From: Jukka.Korpela@hut.fi
Date: Mon Dec 11 2000 - 02:32:00 EST


On Sun, 10 Dec 2000, sreekant wrote:

> The 7-bit ASCII text on the web is the only common format
> that is truly supported in all countries.

More or less so, although not even all ASCII characters are "safe",
due to different "national variants of ASCII". Technically, the
variants are not ASCII but variants of ISO 646 differing from
ISO 646 IRV ("International Reference Version"), which is equivalent to
ASCII. In practical terms, however, people often use the word
"ASCII" to refer to _different_ character codes - even to some 8-bit
codes quite often! See
http://www.hut.fi/u/jkorpela/chars.html#ascii

For such reasons, the name US-ASCII is preferred for clarity. Formally
just a synonym for ASCII, it tries to make it clear that it refers to
an American standard which may differ from what people in other countries
think of as ASCII. Note that in the MIME registry too,
http://www.isi.edu/in-notes/iana/assignments/character-sets
US-ASCII is the preferred name.

> For unicode compatibility the utf-8 format is normally preferred.
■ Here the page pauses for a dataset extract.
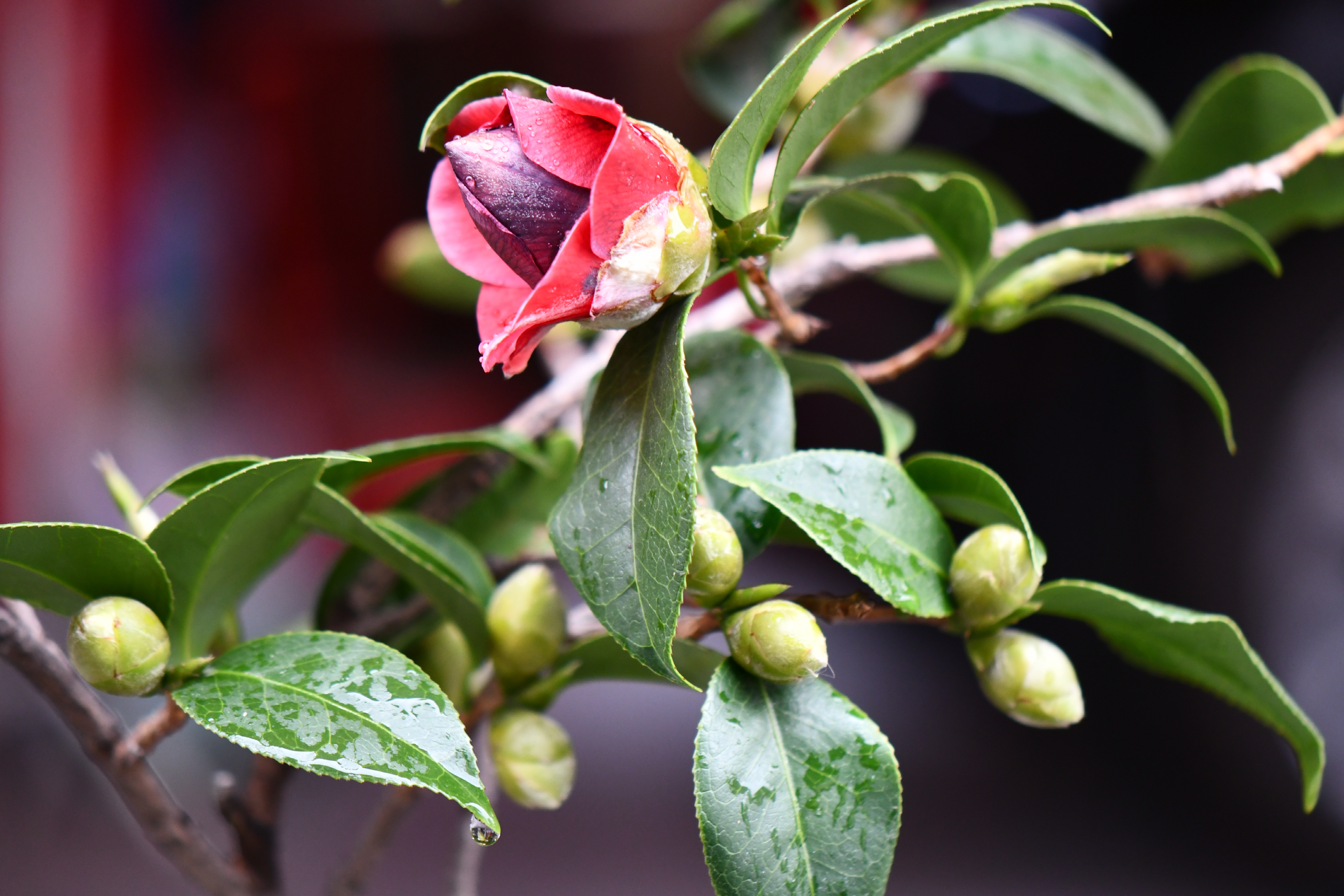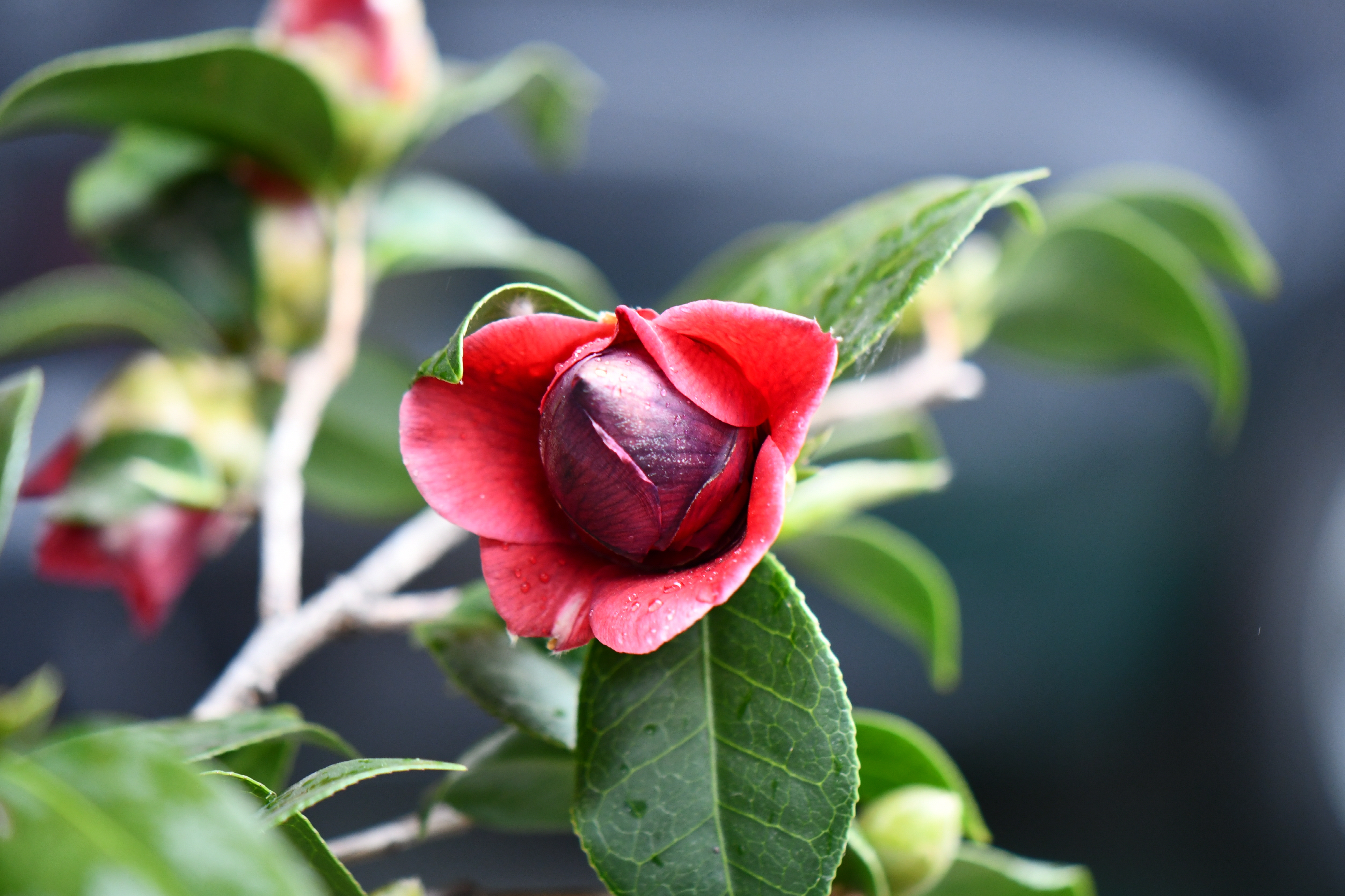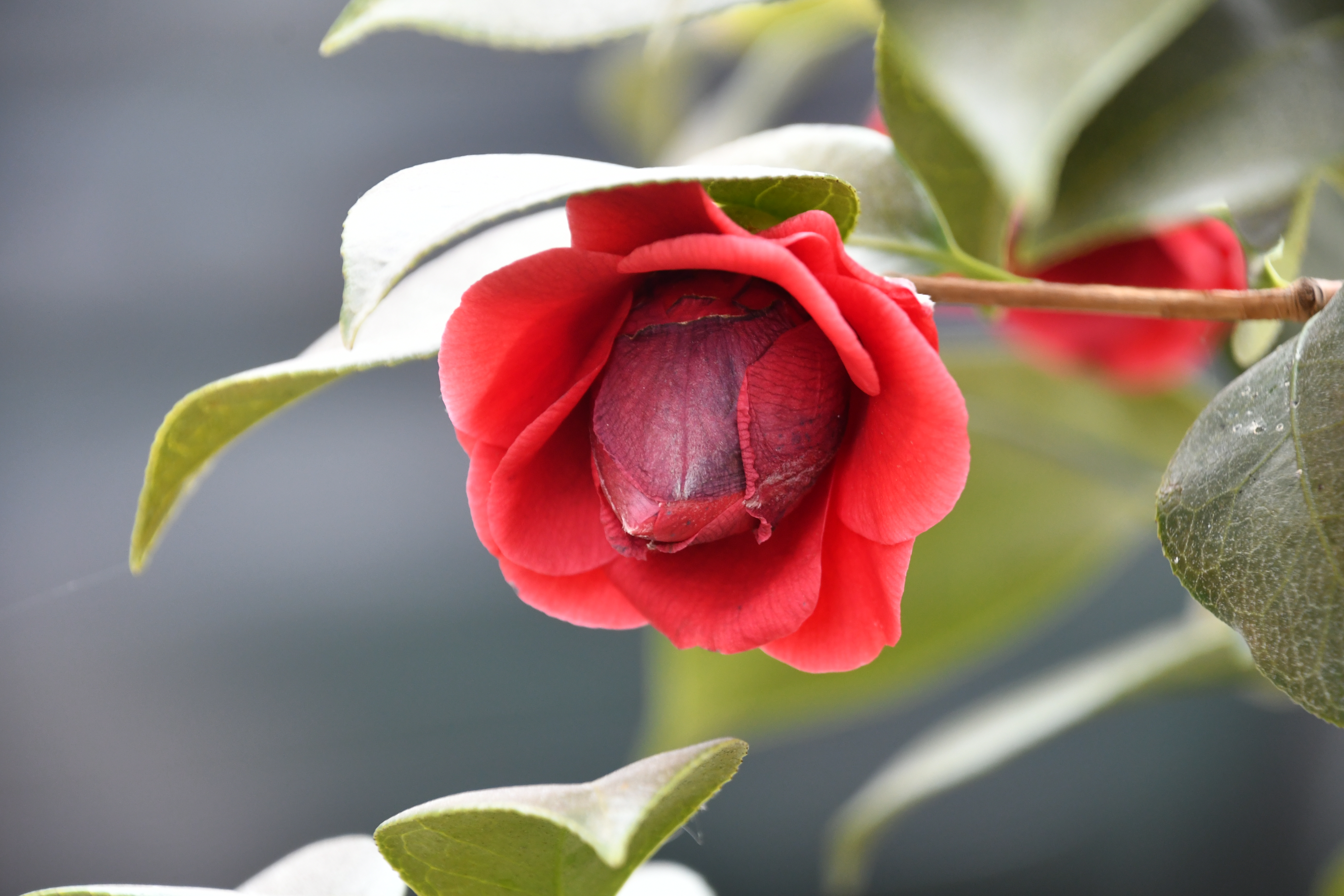 – 화분에 동백꽃이 피었습니다. 빨간색이지만 화려하지 않습니다.

In a sense yes. See RFC 2277, "IETF Policy on Character Sets and
Languages" (available e.g. from http://www.faqs.org/rfcs/rfc2277.html ).
But this does not exclude the use of US-ASCII where applicable. The policy
might - now I'm adding a lot of my interpretation - be read as
recommending UTF-8 as the encoding to be primarily considered _when_
US-ASCII does not give you a sufficiently rich character repertoire

> What approach is
> to be followed to convert the ascii representation of characters into
> the utf-8 format to enable the unicode compatibility?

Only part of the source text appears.